У капитана не было семьи, но зато на острове его ждала подруга, которая давала ему все, что требуется человеку с простыми вкусами. Она кормила его огромными креветками, которые водились в прибрежных водах, прекрасной рыбой, больше походившей на произведения искусства, громадными земляными крабами, которых подавали с рисом, и фруктами, в изобилии произраставшими на той благословенной земле: бананами, сливами, ананасами. Ананасы называли "французскими", слово "Франция" в тех краях было синонимом всего изысканного и прекрасного.

Капитан не делал из этой дружбы тайны и со странной хрипотцой в голосе описывал ее дом, дорожка в который бежала между кокосовых пальм и хлебных деревьев. Одна ветка такого дерева могла прокормить целую семью. В саду, где любая воткнутая в землю палка тут же пускала корни, давала ветки и цветы, огромные кусты гибискуса отважно противоборствовали лианам орхидей и цветкам ванильных деревьев. Он рассказывал о прозрачном ручейке, вытекающем из-под обломков скал. Возле него было приятно отдыхать жарким летним днем. Словом, остров представлялся Адаму настоящим раем.

Была еще родина отца, огромная Канада, о которой тот всякий раз с воодушевлением рассказывал, стоило ему вспомнить детство. Величественная река Святого Лаврентия, ее обширная пойма, куда заплывали киты, выбрасывающие вверх при дыхании целые гейзеры сверкающей воды, дремучие леса, где он два-три раза побывал, сопровождая индейца Коноку - отважного краснокожего вождя. В день расставания индеец подарил Гийому волчий коготь, и отец носил его на шее на золотой цепочке.

Адам, конечно, всем сердцем любил свой край и свой дом, но не раз в мечтах уносился в далекие страны, они давали пищу его воображению.
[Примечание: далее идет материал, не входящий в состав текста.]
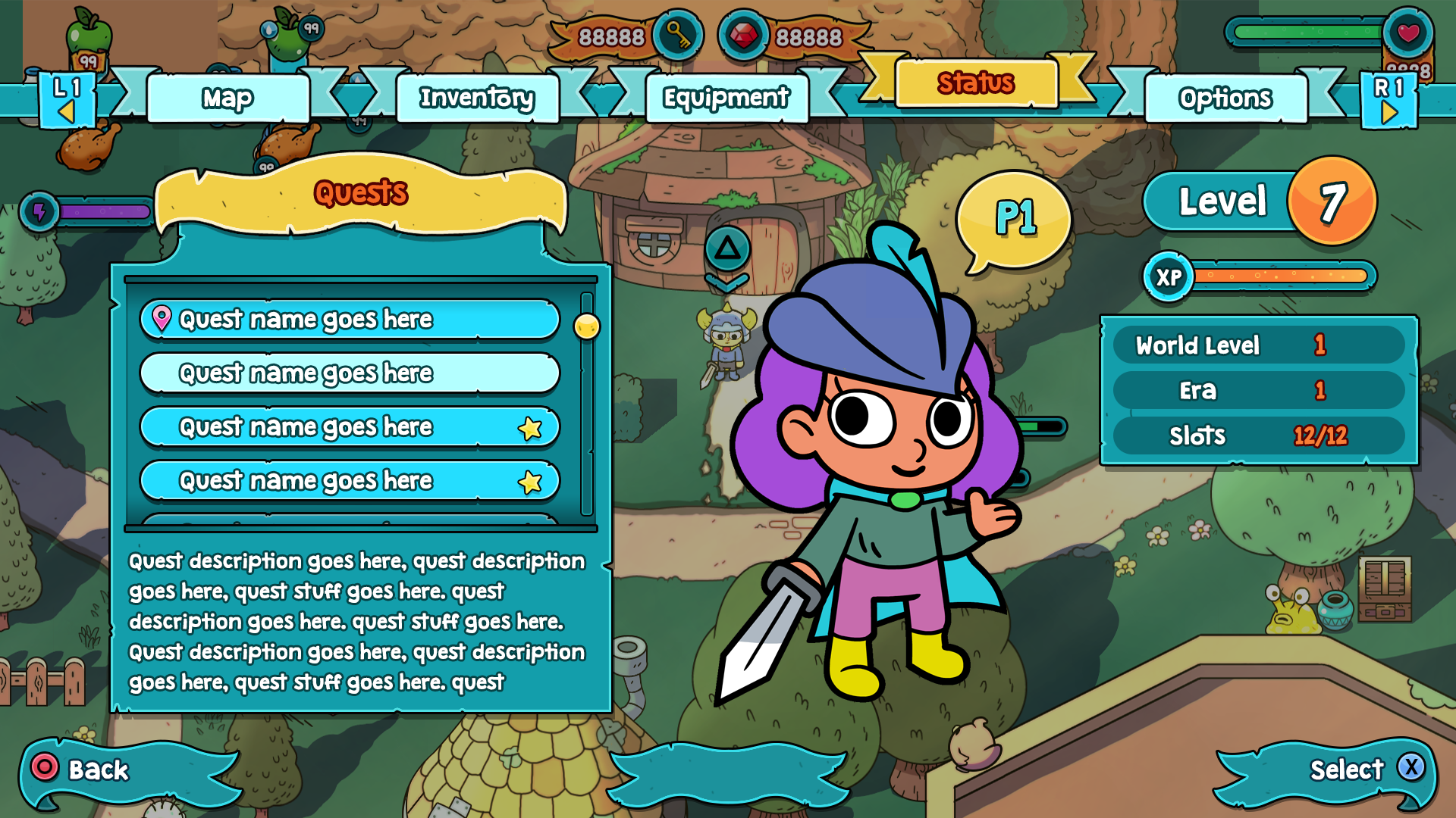 The status screen served as a snapshot of the player's progression, showing stats about their level and playthrough data as well as information about currently available quests.

Но между ним и этими странами существовало препятствие пострашнее английского флота - необъятный океан, которого он безумно боялся.

При этом он не чувствовал отвращения к морским берегам, пляжам, скалам и их обитателям, прекрасным птицам и морским водорослям. Из окон своего дома он мог долго любоваться величественным морским пейзажем - бескрайним и переменчивым, отливающим то перламутром, то лазурью и золотом, то расцвеченным всеми красками радуги. В плохую погоду, когда налетали бури и ураганы, океан напоминал разбушевавшуюся преисподнюю. У ребенка были глаза, чтобы смотреть и восторгаться, но зрение тотчас изменяло ему, стоило только ступить ногой в этот фантастический и зыбкий мир или очутиться на палубе корабля. Адам испытывал не просто морскую болезнь, но настоящую панику, с тех пор как свалился в воду с рыбачьего баркаса. После того несчастного случая мальчика преследовали кошмары, он бился в конвульсиях, и отец в конце концов отказался от попыток научить его плавать. При одном упоминании об этом ребенок начинал в ужасе кричать.

- Его не назовешь даже мокрой курицей, - вздыхала Элизабет, которая плавала, как морской котик. - Он чувствует, что тонет, как только вода доходит ему до колен.